However, randomisation should have counteracted any selection bias. Patient recruitment was lower than expected and less than the power calculations, because of a coinciding reduced throughput in patients starting methadone which may partially explain the lack of effect. Furthermore, the patient follow-up rate (62%) was poorer than Akt inhibitor expected owing to the number of patients who moved pharmacy. Although it was possible to verify the treatment status of many patients if they had moved to another local pharmacy, this was not always possible. It was also not always possible to complete a follow-up questionnaire as pharmacies not originally involved in the study were not always
willing or able to have the researcher visit or to ask patients to complete follow-up questionnaires themselves. The movement of patients between pharmacies is an interesting observation that requires further exploration. A study limitation was that it was not possible to determine the extent
to which the intervention was delivered as intended. It is also recognised that the level of MI training provided is not consistent with recommendations for training in MI, as this was not practical. However, the aim of training was not to create motivational interviewers but to use the ethos of MI as a framework for increased communication. Assessment of MI skills of pharmacists attending the final training sessions using the BECCI[13] revealed competence in the use of MI techniques. Difficulty in assessing competency PD-0332991 molecular weight in delivery of MI is well recognised and, in retrospect, it may have been more appropriate to have assessed the integrity Suplatast tosilate of the MI provided using the Motivational Interviewing Treatment Integrity (MITI) scale.[18] However, the trial was pragmatic and pharmacists were to deliver the intervention as they saw fit. This may have differed substantially across pharmacies and may account for the lack of effect on the
primary outcome. Patient feedback suggests intervention pharmacists were talking slightly more to patients than the control group and patients attending these pharmacists were more likely to find these conversations useful.
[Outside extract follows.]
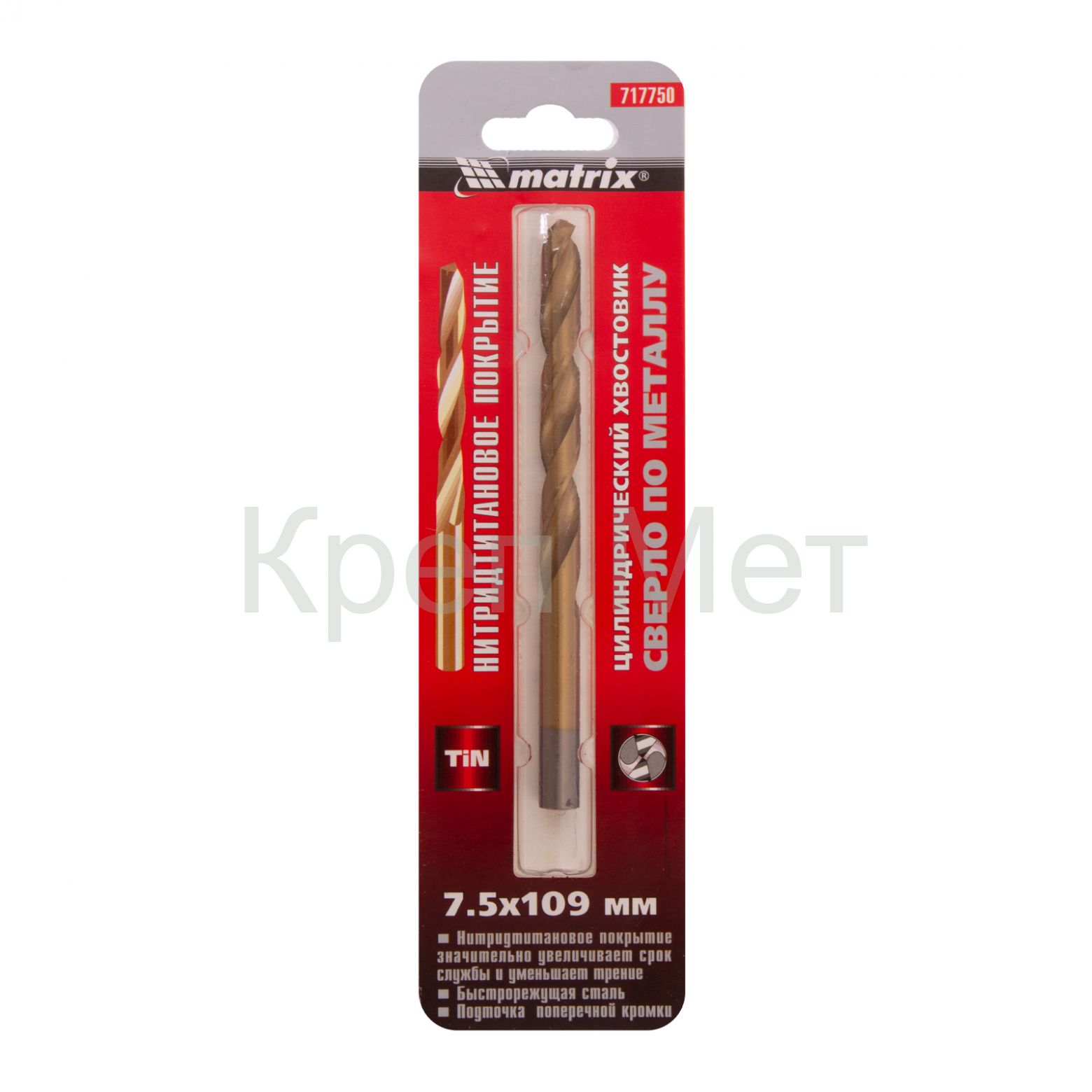 - Сверло по металлу, 7.5 мм, HSS, нитридтитановое покрытие, цилиндрический хвостовик Matrix

Nevertheless, the level of this communication should have been much higher if the intervention was delivered fully as intended. Ideally the number and length of interactions would have been recorded but we did not want to burden pharmacists with more paperwork. It is also possible that the training may not have sufficiently focused on the key study outcomes such as illicit drug use. Other limitations are that the MAP is based on patient self-report and was conducted by the research fellow who, for practical reasons, was aware of each patients’ randomisation group (as this was done by pharmacy). However, this was the same for both intervention and control patients, is balanced across the groups and the very structured nature of the MAP limits any possible influence of the researcher.